The left side of the figure shows the position of the head (the nozzle line) in the first pass to the third pass. In the figure, the nozzles indicated by block circles are nozzles which can eject ink. Meanwhile, the nozzle indicated by a white circle is a nozzle which cannot eject ink. Also, for descriptive convenience, although the figure shows that the head (the nozzle line) is moved with respect to the paper, the paper is actually moved (transported) in the transport direction.

Further, the right side of the figure shows the dot formed on the paper by the pass. The dots indicated by black circle are dots formed at the final pass, while the dots indicated by white circles are dots formed at the previous pass. That is, in the case of the figure, the white circle is the dots formed at the first pass or the second pass, the black circle is the dots formed at the third pass.

Interlacing printing is performed in this reference example. The term “interlacing printing” means a printing method in which k is 2 or more, a non-formed raster line is interposed between raster lines which are formed at one pass. For example, in FIG. 11, one raster line is interposed between raster lines which are formed at one pass. That is, k=2 in the case.

In the interlacing printing, whenever the paper is transported at a constant transport amount F in the transport direction, each of the nozzles forms the raster line immediately over the raster line formed at the previous pass. As such, in order to perform the printing with constant transport amount, there are conditions in which (1) the number N (integral number) of nozzles which can eject ink is in a prime relation with k, and (2) a transport amount F is set as N·D.

In the same figure, the nozzle line has 8 nozzles arranged in the transport direction. Since a nozzle pitch k of the nozzle line is 2, all of the nozzles are not used, and 7 nozzles (i.e., the first nozzle to the seventh nozzle) are used, in order to meet with the prime relation of N and k. Also, since 7 nozzles are used, the paper is transported at the transport amount of 7·D. As a result, the dots are formed on the paper at the dot interval of 360 dpi (=D) by using the nozzle line having the nozzle pitch of 180 dpi (2·D). In this instance, since the actual number (180) of nozzles is larger than 7, the actual transport amount (179·D) is larger than 7·D.

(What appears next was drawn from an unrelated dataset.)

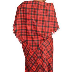 Vintage Saba Tartan Dress Red Matching Shawl Wool Plaid 70s Maxi Set Size Medium

In the case of the interlacing printing, k passes are needed to complete the raster line having a continuous nozzle pitch width. For example, 2 passes are needed to complete two raster lines having continuous dot interval of 360 dpi by using the nozzle line having the nozzle pitch of 180 dpi.

As described below, in FIG. 11, the hatched portion of the second temporary-curing irradiation unit 43c indicates a region in which an LED is turned on, and the non-hatched portion indicates a region in which an LED is turned off.

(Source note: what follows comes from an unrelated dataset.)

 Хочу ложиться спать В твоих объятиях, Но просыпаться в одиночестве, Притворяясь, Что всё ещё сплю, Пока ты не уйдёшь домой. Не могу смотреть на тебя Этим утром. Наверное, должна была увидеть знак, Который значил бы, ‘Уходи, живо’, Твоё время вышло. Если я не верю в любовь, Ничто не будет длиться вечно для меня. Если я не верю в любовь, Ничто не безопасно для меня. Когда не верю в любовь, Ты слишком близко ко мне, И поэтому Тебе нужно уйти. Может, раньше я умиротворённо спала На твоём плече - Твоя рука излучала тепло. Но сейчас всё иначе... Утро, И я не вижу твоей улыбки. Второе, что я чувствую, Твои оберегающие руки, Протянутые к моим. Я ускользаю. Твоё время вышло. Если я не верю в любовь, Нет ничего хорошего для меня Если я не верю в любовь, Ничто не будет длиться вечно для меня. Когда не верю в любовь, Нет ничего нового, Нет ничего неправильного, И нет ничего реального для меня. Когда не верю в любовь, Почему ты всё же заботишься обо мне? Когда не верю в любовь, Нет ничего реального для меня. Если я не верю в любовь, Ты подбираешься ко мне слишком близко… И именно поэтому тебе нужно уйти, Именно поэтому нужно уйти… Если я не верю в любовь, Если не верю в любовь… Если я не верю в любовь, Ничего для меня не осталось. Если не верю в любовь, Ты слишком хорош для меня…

FIGS. 12A to 12E are views explaining circumstances of the dot formation and the UV irradiation in the region a in FIG. 11.

FIG. 12A is a view showing the dot forming operation (the second pass) of the region a. FIG. 12B is a view showing the temporary curing (the first temporary curing) at the second pass. FIG. 12C is a view showing the dot forming operation (the third pass) of the region a. FIG. 12D is a view showing the temporary curing (the first temporary curing) at the third pass. FIG. 12E is a view showing the temporary curing (the second temporary curing) at the fourth pass.

First, as shown in FIG. 12A, the region a at the second pass faces the nozzle (i.e., the fifth nozzle to the seventh nozzle) at the upstream side of the head 31. The UV ink is ejected from the respective nozzles to form the dots on the medium.

After that, as the carriage 21 (the head 31) is moved in the moving direction, as shown in FIG. 12B, the first temporary-curing irradiation unit 42a positioned at the position in parallel with the upstream side nozzle (the fifth nozzle to the seventh nozzle) in the moving direction passes over the region a. In this instance, the controller 60 irradiates the UV towards the medium from the first temporary-curing irradiation unit 42a. In this way, the first temporary curing of the dot formed by the upstream side nozzle is performed. According to the temporary curing, the mixing of the dots is suppressed, but the dots continue to spread. However, the spread speed is slowed.

After that, the transport operation is performed, and the region a faces the downstream side nozzle (the first nozzle to the fourth nozzle) in the nozzle line at the next path (the third pass), as shown in FIG. 12C. The UV ink is ejected from the respective nozzles to form the dots. In this instance, the dots are formed between the dots formed at the second pass. For example, the dots are formed by the third nozzle at the third pass between the dots formed by the seventh nozzle and the dots formed by the sixth nozzle at the second pass. That is, in the region a, there are mixed with the dots (the dots which are not temporarily cured) immediately after the formation and the dots which are subjected to once temporary curing (the first temporary curing).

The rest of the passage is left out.